WHAT YOU HAVE TO DO:
Return all the lines below exactly as written. Drop every picture.

[Opening RECORDED DATA section]

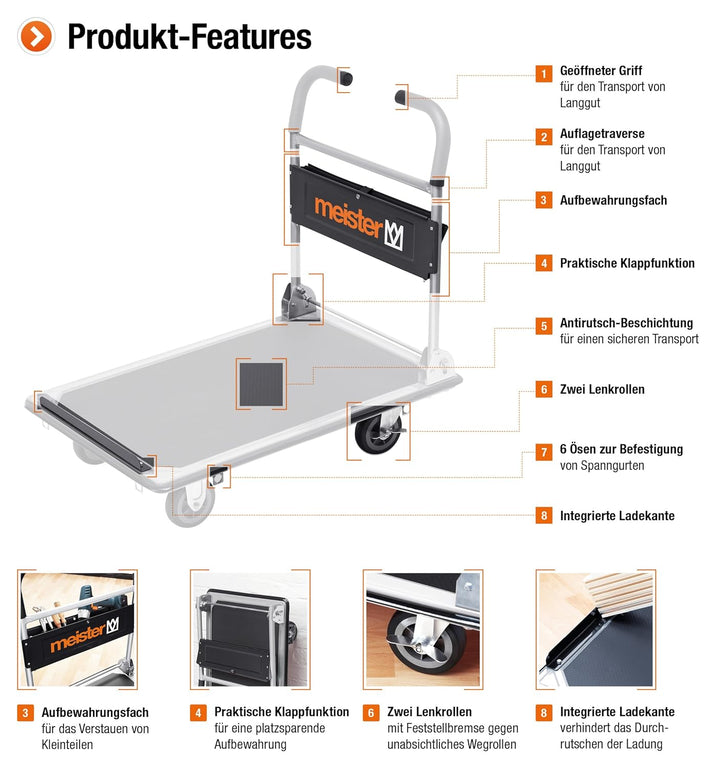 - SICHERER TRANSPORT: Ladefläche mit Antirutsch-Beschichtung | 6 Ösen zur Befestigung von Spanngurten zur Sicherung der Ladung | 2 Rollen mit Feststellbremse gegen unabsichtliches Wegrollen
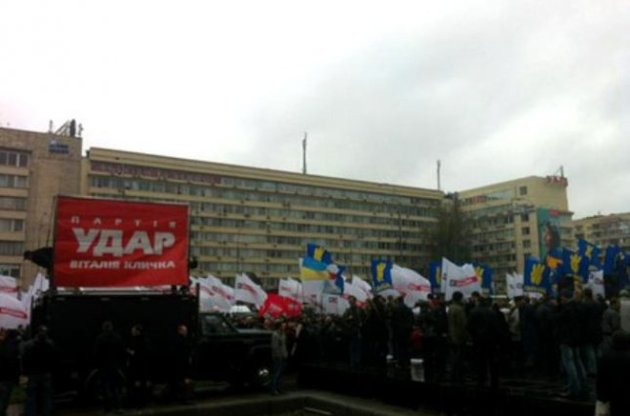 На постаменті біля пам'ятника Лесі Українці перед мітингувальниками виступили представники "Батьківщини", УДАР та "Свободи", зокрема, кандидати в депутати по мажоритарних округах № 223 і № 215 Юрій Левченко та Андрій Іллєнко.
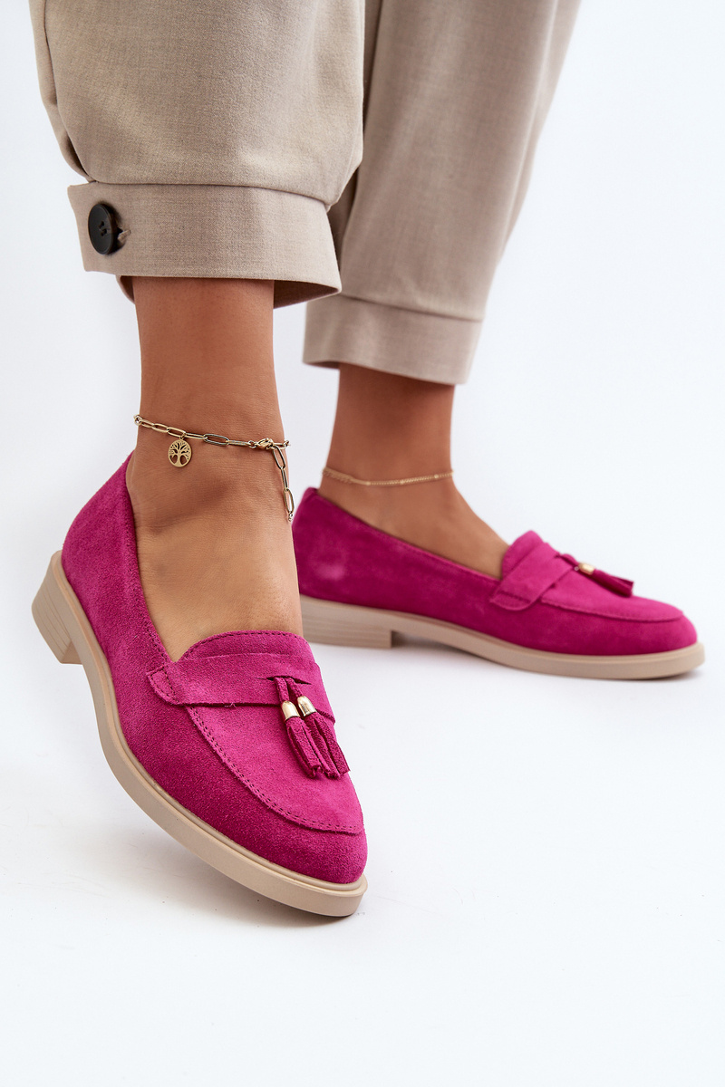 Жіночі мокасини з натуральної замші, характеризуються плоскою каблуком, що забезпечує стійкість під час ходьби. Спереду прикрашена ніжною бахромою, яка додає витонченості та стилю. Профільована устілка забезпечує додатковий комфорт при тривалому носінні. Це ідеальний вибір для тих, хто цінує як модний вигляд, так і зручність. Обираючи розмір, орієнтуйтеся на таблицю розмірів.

[Closing RECORDED DATA section]

TASK ANSWER:
 - SICHERER TRANSPORT: Ladefläche mit Antirutsch-Beschichtung | 6 Ösen zur Befestigung von Spanngurten zur Sicherung der Ladung | 2 Rollen mit Feststellbremse gegen unabsichtliches Wegrollen
 На постаменті біля пам'ятника Лесі Українці перед мітингувальниками виступили представники "Батьківщини", УДАР та "Свободи", зокрема, кандидати в депутати по мажоритарних округах № 223 і № 215 Юрій Левченко та Андрій Іллєнко.
 Жіночі мокасини з натуральної замші, характеризуються плоскою каблуком, що забезпечує стійкість під час ходьби. Спереду прикрашена ніжною бахромою, яка додає витонченості та стилю. Профільована устілка забезпечує додатковий комфорт при тривалому носінні. Це ідеальний вибір для тих, хто цінує як модний вигляд, так і зручність. Обираючи розмір, орієнтуйтеся на таблицю розмірів.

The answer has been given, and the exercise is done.